The cave was occupied by early humans for a very long time, and excavations there have yielded both chunks of red ochre engraved with abstract patterns from about 80,000 years ago, and a collection of tools for processing ochre from about 100,000 years ago. This paint workshop consisted of shells containing residue from a couple of different types of minerals, and stone tools used to grind the pigments. Some of these show evidence of multiple uses-- first grinding one pigment, then being re-sharpened before grinding another.
The engraved blocks have been touted as some of the earliest evidence for abstract art, but to my mind, the whole operation speaks of science. The pigment-grinding process wasn't a simple thing that might happen by accident, but a multi-step process, involving grinding then mixing with animal fat to make a kind of paste. The ochre and goethite used for this come from deposits some distance away, so they had to be deliberately selected and brought there. And the re-sharpening indicates that they knew how to make different colors, and took care to avoid mixing them.
All of this would've had to be discovered scientifically. Some early human looked at the world, and noticed some kinds of stone were brightly colored. They thought that maybe these could be used for some decorative purpose, and tested their ideas, eventually arriving at a multi-step process for making a kind of paint. And they told other people about this, passing this process down the many generations that the cave was occupied.
That's science, right there, a hundred thousand years ago in southern Africa. And that's what I really like about this story-- it's a dramatic counter to people who say that not everyone can handle scientific thinking. As far back as we have evidence of human activity, though, we see signs of people doing science. Science isn't some weird and alien mode of thinking, it's the defining trait of our species, going back over a hundred millennia. And if our distant ancestors in Blombos Cave could think like scientists, nobody alive today should deny that they have an inner scientist.
------------
(Part of a series promoting Eureka: Discovering Your Inner Scientist, available from Amazon, Barnes and Noble, IndieBound, Powell’s, and anywhere else books are sold.)
- Log in to post comments
I'm enjoying your book and these related pieces but I feel like when I read your - look, think, test, tell - narrative of science, it seems to be missing the "listen" counterpart to the "Tell". It doesn't do any good to tell people what you found if they aren't listening, and you won't get as far if you don't listen, i.e. check out what others have done related to what you are doing.

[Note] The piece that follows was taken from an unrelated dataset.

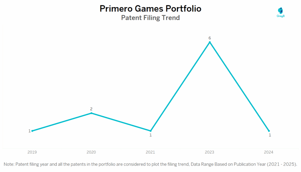 Primero Games has a total of 11 patents globally, out of which 5 have been granted. Of these 11 patents, 100% patents are active. United States of America is where Primero Games has filed their all the patents. Parallelly, the United States of America seems to be the main focused R&D centre and is the origin country of Primero Games.
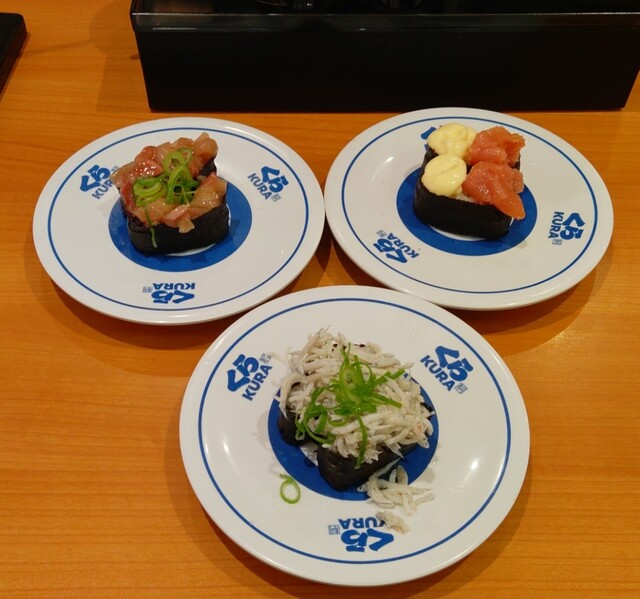しらす軍艦 (税込)115円 / 旨だれまぐろ軍艦 (税込)115円 / たらマヨ (税込)115円 ※正面より (2025.03.18)

Just an observation from a reader.
That's a good point, and indeed, there are some great stories of miscommunication in the history of science where people didn't listen, and went wrong as a result (I'll probably include at least one of those in this series). In my very coarse grouping of the steps, I would include "listen to other scientists" in the "Looking" stage, but I didn't really call it out explicitly.
Maybe if there's a sequel...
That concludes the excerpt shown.